Fine-tuning a locally saved model on NER task

A few days ago I further prep-trained nlpaueb/legal-bert-base-uncased (nlpaueb/legal-bert-base-uncased · Hugging Face) model for masked token prediction task on a custom dataset using run_mlm.py. After training being done, I saved the model in a local directory. I can see pytorch_model.bin, config.json, all other required files in this directory.

Now I want to fine-tune this saved model on NER task using run_ner.py (in transformers 4.6.0) with another custom training data using the following command

python3 run_ner.py --model_name_or_path path-to-the-saved-model --train_file path-to-the-json-training-data --validation_file path-to-the-json-validation-data --do_train t --do_eval t --output_dir path-to-output-dir --overwrite_output_dir t --label_all_tokens t --return_entity_level_metrics t &> log-file.txt

log file shows the following error

Some weights of BertForTokenClassification were not initialized from the model checkpoint at /home/ubuntu/trained-model/legalbert_further_trained/ and are newly initialized: [‘classifier.bias’, ‘classifier.weight’]
You should probably TRAIN this model on a down-stream task to be able to use it for predictions and inference.
07/13/2021 18:17:44 - WARNING - datasets.arrow_dataset - Loading cached processed dataset at /home/ubuntu/.cache/huggingface/datasets/json/default-e94e893514cb3fcb/0.0.0/83d5b3a2f62630efc6b5315f00f20209b4ad91a00ac586597caee3a4da0bef02/cache-361f604016d1c665.arrow
07/13/2021 18:17:44 - WARNING - datasets.arrow_dataset - Loading cached processed dataset at /home/ubuntu/.cache/huggingface/datasets/json/default-e94e893514cb3fcb/0.0.0/83d5b3a2f62630efc6b5315f00f20209b4ad91a00ac586597caee3a4da0bef02/cache-a77e5011b7db5bd5.arrow
07/13/2021 18:17:44 - WARNING - datasets.arrow_dataset - Loading cached processed dataset at /home/ubuntu/.cache/huggingface/datasets/json/default-e94e893514cb3fcb/0.0.0/83d5b3a2f62630efc6b5315f00f20209b4ad91a00ac586597caee3a4da0bef02/cache-5659054e40c94504.arrow
07/13/2021 18:17:44 - WARNING - datasets.load - Using the latest cached version of the module from /home/ubuntu/.cache/huggingface/modules/datasets_modules/metrics/seqeval/1fde2544ac1f3f7e54c639c73221d3a5e5377d2213b9b0fdb579b96980b84b2e (last modified on Fri Jul 2 16:39:09 2021) since it couldn’t be found locally at seqeval/seqeval.py or remotely (ConnectionError).
[INFO|trainer.py:1047] 2021-07-13 18:17:48,569 >> Loading model from /home/ubuntu/trained-model/legalbert_further_trained/).
Traceback (most recent call last):
File “run_ner.py”, line 533, in
main()
File “run_ner.py”, line 478, in main
train_result = trainer.train(resume_from_checkpoint=checkpoint)
File “/home/ubuntu/.local/lib/python3.6/site-packages/transformers/trainer.py”, line 1066, in train
self._load_state_dict_in_model(state_dict)
File “/home/ubuntu/.local/lib/python3.6/site-packages/transformers/trainer.py”, line 1387, in _load_state_dict_in_model
if set(load_result.missing_keys) == set(self.model._keys_to_ignore_on_save):
TypeError: ‘NoneType’ object is not iterable.
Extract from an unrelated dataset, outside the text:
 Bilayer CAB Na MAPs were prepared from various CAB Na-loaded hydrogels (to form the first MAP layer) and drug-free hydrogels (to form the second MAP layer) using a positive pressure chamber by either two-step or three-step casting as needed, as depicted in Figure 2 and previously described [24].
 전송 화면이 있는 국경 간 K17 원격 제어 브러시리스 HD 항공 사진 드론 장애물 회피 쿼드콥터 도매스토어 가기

Note that if I replace [–model_name_or_path path-to-the-saved-model] with [–model_name_or_path nlpaueb/legalbert-base-uncased] (or any other existing language model that I haven’t further pre-trained), run_ner.py runs without any issue.

Hey, I am in a similar situation: Trying to fine-tune a BERT model that has been saved locally with additional tokens added to its tokenizer vocabulary. I am getting the same error as you have described.
Was anyone able to identify the root cause of this issue?
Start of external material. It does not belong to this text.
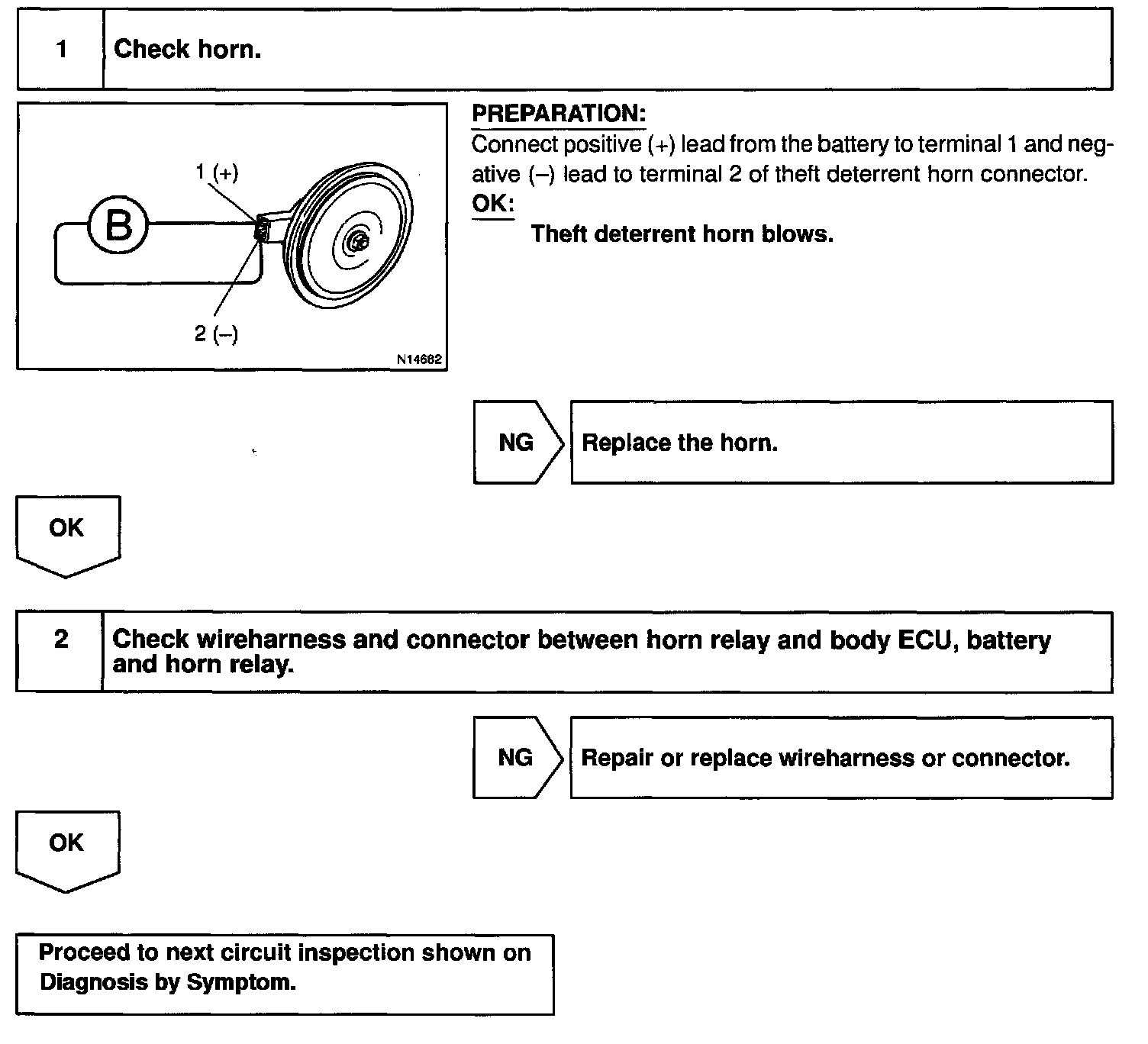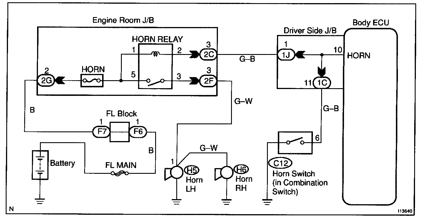 The horn is connected to the body ECU and activated by the body ECU during warning of the theft deterrent system.

In case anyone else is facing a similar issue: I found that I was adding new tokens to a BERT model using AutoModel and then trying to fine-tune using AutoModelForSequenceClassification. So, the fix was to load the BERT model as a Sequence Classification model itself using AutoModelForSequenceClassification when adding new tokens to the tokenizer.